请问版主，我感觉后面的（1-lamda)(|beta1|+|beta2|)应该是一个LASSO方法吧

是不是可以先对于模型变换，你可以得到将 lamda penalty变化进新的数据

整个过程就是等价于对变换后的变量做lasso，即只有 l1 penalty，随后再用lasso的方法处理？

但是您能不能传授一下，如何将lamda*(beta1^2+beta2^2)^0.5变换进原回归中？

大谢不言！

rtist

This is interesting (at least to me), and seems deserving some research (unless it is already studied... I don't know).

If we just use the L2 norm alone as a penalty, it is equivalent to using the square L2 norm, and hence the same as a ridge regression. L1 penalty produces lasso as usual. However, the convex combination of the two, which seems naturally following the idea of elastic net, produces a different criterion than the elastic net. Is it better or worse than the elastic net, and in what sense it is so?

More surprisingly, the univariate case of this penalty becomes the lasso, instead of any new penalized estimator. This suggests that the usual approach of studying the simple case of orthogonal designs is not helpful any more.

rtist

回复第6楼的 lightman.guo：

If you absorb the L2 penalty into the least squares part, it is no longer quadratic in <bblatex>\beta</bblatex>. Though it's doable, I don't know if there is any advantage in doing that.

lightman.guo

回复第8楼的 Rtist：Yeah, I see...but I'm really new to R, do you have some ideas on how to do it in convex optimization ways in R, thanks a lot!

rtist

回复第9楼的 lightman.guo：The Hessian and gradient can be found, but it turns out to be a little bit messy (at least not very informative to me as of how this penalty should behave). Compared with usual squared L2 penalty, this penalty affects both the quadratic term and the linear term simultaneously. In theory, you can still find the minimizer --- replace the L2 penalty with a quadratic approximation, and solve the resulting lasso problem; then replace the L2 with a new approximation, and iterate on and on. If you like, you can simply use a linear approximation, instead of a quadratic one. That "might" have some computational advantage, but I am concerned about its performance in high dimensional setting, where such methods are usually used.

rtist

I made some contour plots on the constrained region, compared with the elastic net.
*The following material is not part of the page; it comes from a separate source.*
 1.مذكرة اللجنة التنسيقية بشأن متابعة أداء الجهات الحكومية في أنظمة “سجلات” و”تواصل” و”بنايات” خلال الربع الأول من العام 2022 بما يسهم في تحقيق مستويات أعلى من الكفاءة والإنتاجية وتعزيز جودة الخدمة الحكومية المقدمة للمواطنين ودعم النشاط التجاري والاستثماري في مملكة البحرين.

It can be seen that they are indeed very similar, but not equivalent. For some choices of the constraint, they are nearly the same. For larger constraints, this one penalizes less than the elastic net, i.e., applying a prior with heavier tails than the elastic net prior. For smaller constraints, this one penalizes more than the elastic net, i.e., using a prior with a sharper peak at the origin. These are all reasonable behavior for the square root function.

However, the bad news is, overall, they seem to be too similar to justify routine use over the elastic net, the latter of which is much cheaper computationally. So, I'm not convinced this is a better alternative that deserves extensive study.
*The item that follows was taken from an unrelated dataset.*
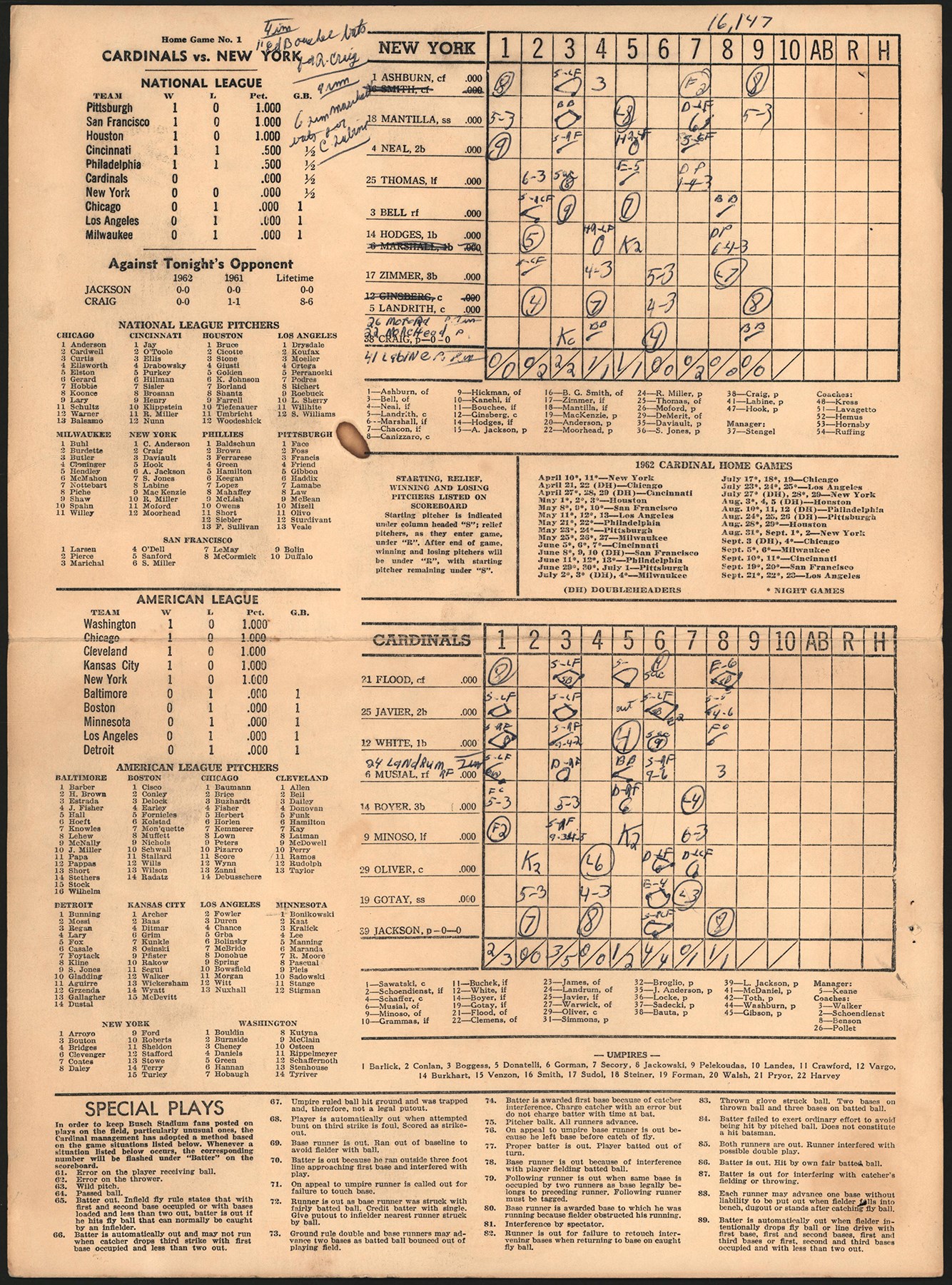 Presented is a very scarce, historic scorecard, fully scored, from the first regular season game in the history of the New York Mets. The game took place on Wednesday night, April 11, 1962, in St. Louis, Missouri, at Busch Stadium I. The Mets were an expansion team, and to attract fans, they had loaded their roster with big name players who were past their prime and thus available in the expansion draft or through trades. The Mets' first game was supposed to be a day game at St. Louis on the day before, but that game was rained out. The New York lineup included leadoff man Richie Ashburn, a center fielder and future hall of Famer, and four former Brooklyn Dodgers, Hall of Famer Gil Hodges, Charlie Neal, Don Zimmer, and starting pitcher Roger Craig. A fifth former Brooklyn Dodger, Clem Labine, pitched in this game in relief. The Cardinals defeated the Mets by 11-4, with Larry Jackson getting a complete game win, and Craig taking the loss.

Could you please tell me why you want to use this penalty over the elastic net? Do you have particular applications where this penalty is more interpretable? Or do you believe this penalty has better theoretical properties? Thanks.

[attachment=217220,1008]

lightman.guo

回复第11楼的 Rtist：actually I don't know why. [s:12]I study management now and want to pursue a phd degree later...so I choose a statistics course, however, it is too late for me to drop this course when I realized it is too hard for me since I have no background in programming...I struggle for this course for really a long time. Anyway, I think I learn a lot from it...
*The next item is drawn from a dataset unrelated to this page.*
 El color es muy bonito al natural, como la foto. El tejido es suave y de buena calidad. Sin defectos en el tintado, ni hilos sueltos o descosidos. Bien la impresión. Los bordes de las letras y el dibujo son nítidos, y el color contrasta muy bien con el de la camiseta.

I was thinking doing it this way.

For example, for lambda=1

the deviation of the likelihood would be like this

2t(X)%*%X+lambda/||lambda||-2t(X)%*%Y=0

Could you give me some instruction on how to do this convex optimization in R?

...

Really thanks a lot for your help. I'm really a beginner for R...

rtist

回复第12楼的 lightman.guo：I don't think there are any built in functions that directly do this. You will need some (maybe quite some) programming. Some useful functions / packages are optim, constrOptim, lars, etc.

I'm still surprised that you are asked to do this in a course...

lightman.guo

回复第13楼的 Rtist：yeah...I'm surprise too. An Indian professor...what they do is write the matrix on the board and give us the task to programming but he never teach those things...

And Do you mind post the code you do the contour graph here?

If you do mind, also OK

Anyway, thanks so much for you help!